(What this task involves) Your task is to return the listing below word for word, without any of its images.

┌─ Raw data

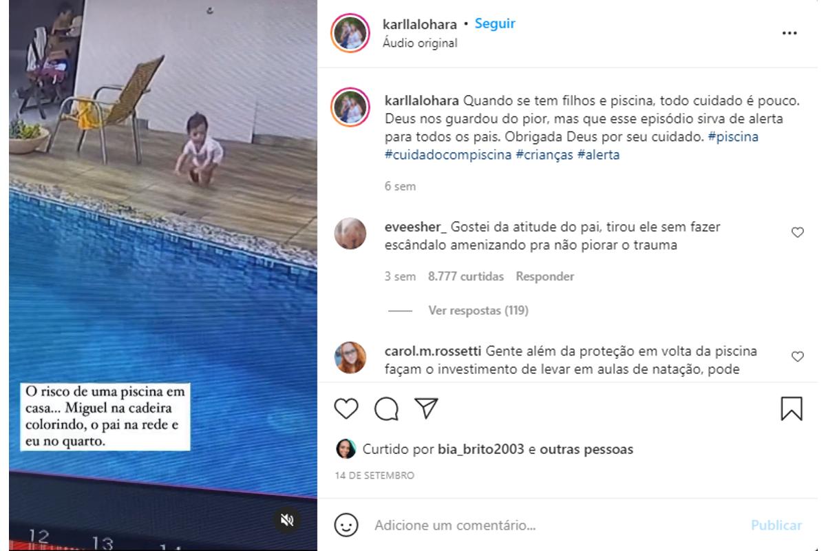 “Quando se tem filhos e piscina, todo cuidado é pouco. Deus nos guardou do pior, mas que esse episódio sirva de alerta para todos os pais”, escreveu a mãe, na legenda do post. Karlla conta que a família estava na piscina quando começou a chover e todos saíram da água. Ela levou Bella para tomar banho enquanto o pai da menina Cleyton Alves Pinto, de 38 anos, e o filho mais velho, Miguel, de 5 anos, ficaram na área de lazer. “Para ter acesso à piscina, tem uma porta de vidro que costuma ficar fechada, mas naquele dia o Miguel havia passado e a deixou aberta. O Cleyton acreditava que a Bella estava comigo no quarto e não viu ela passando pela área de lazer. Foi um segundo de distração e tudo aconteceu”, recorda a mãe.
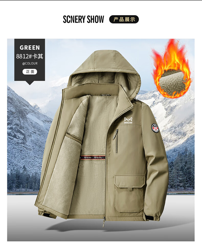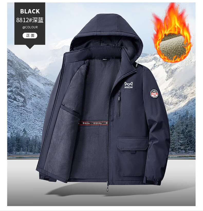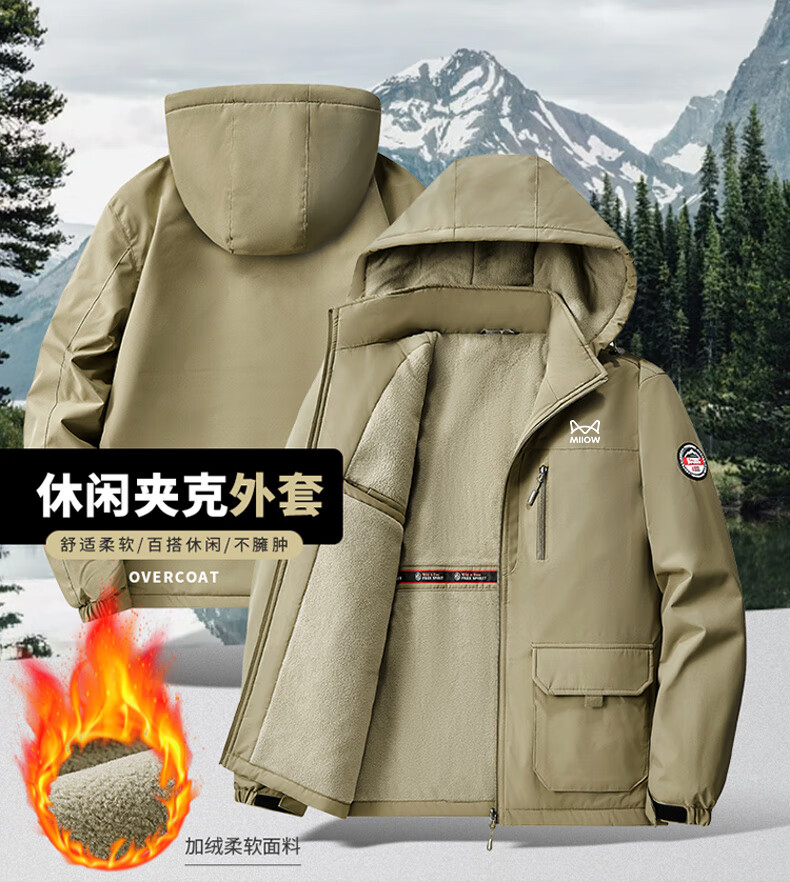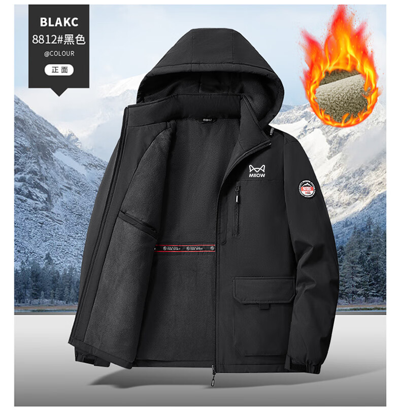 Cat Man Jacket Men's Autumn and Winter Large Size Men's Casual Hooded Plush Warm Jacket Dark Gray 2XL
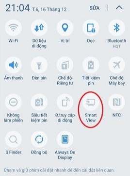 Chế độ này chỉ dùng cho những dòng máy Android cao cấp có tính năng Miracast). Vuốt thanh thông báo xuống nếu có hình “Smart View” hoặc “Miracast” hoặc “Smart Connect” hoặc tương tự, đợi tí là điện thoại kết nối.

└─

(Answer)
 “Quando se tem filhos e piscina, todo cuidado é pouco. Deus nos guardou do pior, mas que esse episódio sirva de alerta para todos os pais”, escreveu a mãe, na legenda do post. Karlla conta que a família estava na piscina quando começou a chover e todos saíram da água. Ela levou Bella para tomar banho enquanto o pai da menina Cleyton Alves Pinto, de 38 anos, e o filho mais velho, Miguel, de 5 anos, ficaram na área de lazer. “Para ter acesso à piscina, tem uma porta de vidro que costuma ficar fechada, mas naquele dia o Miguel havia passado e a deixou aberta. O Cleyton acreditava que a Bella estava comigo no quarto e não viu ela passando pela área de lazer. Foi um segundo de distração e tudo aconteceu”, recorda a mãe.
 Cat Man Jacket Men's Autumn and Winter Large Size Men's Casual Hooded Plush Warm Jacket Dark Gray 2XL
 Chế độ này chỉ dùng cho những dòng máy Android cao cấp có tính năng Miracast). Vuốt thanh thông báo xuống nếu có hình “Smart View” hoặc “Miracast” hoặc “Smart Connect” hoặc tương tự, đợi tí là điện thoại kết nối.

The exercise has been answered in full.